One of those competitors is Tsarukyan’s Ararat Cement. In May, Tsarukyan visited a factory in the Ararat region to meet with employees. He complained that cheap cement from Iran was threatening the business and that it was struggling to keep all 1,200 of its workers employed. “Before we were able to export cement to Georgia and Iran and then it reversed, Iran is importing 500 tons of cheap cement every day,” he said.
Prime Minister Nikol Pashinyan – who came into office on promises to tackle corruption but subsequently reached a sort of accommodation with Tsarukyan, the country’s biggest oligarch – questioned the policy. “Are we sure that our manufacturers of cement are doing everything in their power to advance their technology or to bring prices down?” he asked Khachatyran at the government session.
Khachatryan replied that local manufacturers are acting in good faith: “I talked to one of the manufacturers – the biggest – in detail.” The manufacturer said that the price had gone down about 13 percent as the result of adopting energy-saving technology. Khachatryan did not specify which manufacturer he was referring to; Tsarukyan’s name was not mentioned at the meeting.
Pashinyan ultimately approved the duty, which will next be sent to the parliament for a vote. While duties like this would normally enter into force six months after being announced, Khachatryan said that “taking into consideration the urgency of the situation it should enter into force in 10 days.”
Tsarukyan’s Prosperous Armenia party is the second largest in parliament after winning just over eight percent of the vote in December’s elections.
“Tsarukyan got his way; the imports of cement will be limited,” read one headline on the news website panarmenian.net. “Did the government make a decision on cement for Tsarukyan?” went another headline, on news.am.
One member of parliament from Prosperous Armenia defended the new tariff against accusations of favoritism.
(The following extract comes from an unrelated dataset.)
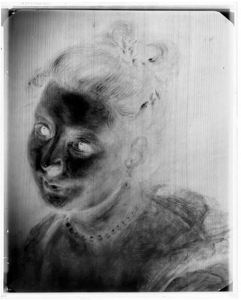 Curator: Here we have an X-radiograph of Alesso Baldovinetti's "Portrait of a Lady," held at the Harvard Art Museums. The date of the x-radiograph is unknown. Editor: It’s eerie, almost ghostly! You can see through the surface, exposing the skeletal structure underneath. I am struck by the contrast in the light and shadows. Curator: The materials used in the original portrait would interact with the X-rays, revealing details about Baldovinetti’s technique. Think about the labour involved in creating the original work and then later, the labor behind creating this x-radiograph. Editor: Absolutely. And in viewing this image, I think about the history of portraiture and the societal expectations placed on women, especially in how their image is constructed and perceived. It challenges us to look beyond the surface. Curator: Indeed. It's a fascinating way to study the materials and methods of past art production. Editor: It gives us a chance to see how the artwork can transcend time and reveal the intersectionality between its origin and our modern understanding.

Sergey Bagratyan noted that Ararat will not be the only beneficiary of the duty, but the country’s other cement maker, Hrazdan, will benefit as well. “When we have factories that employ thousands of people and we can’t profit under the current prices, the government has to take action to defend local manufacturers,” he told journalists on February 23.
Ani Mejlumyan is a reporter based in Yerevan.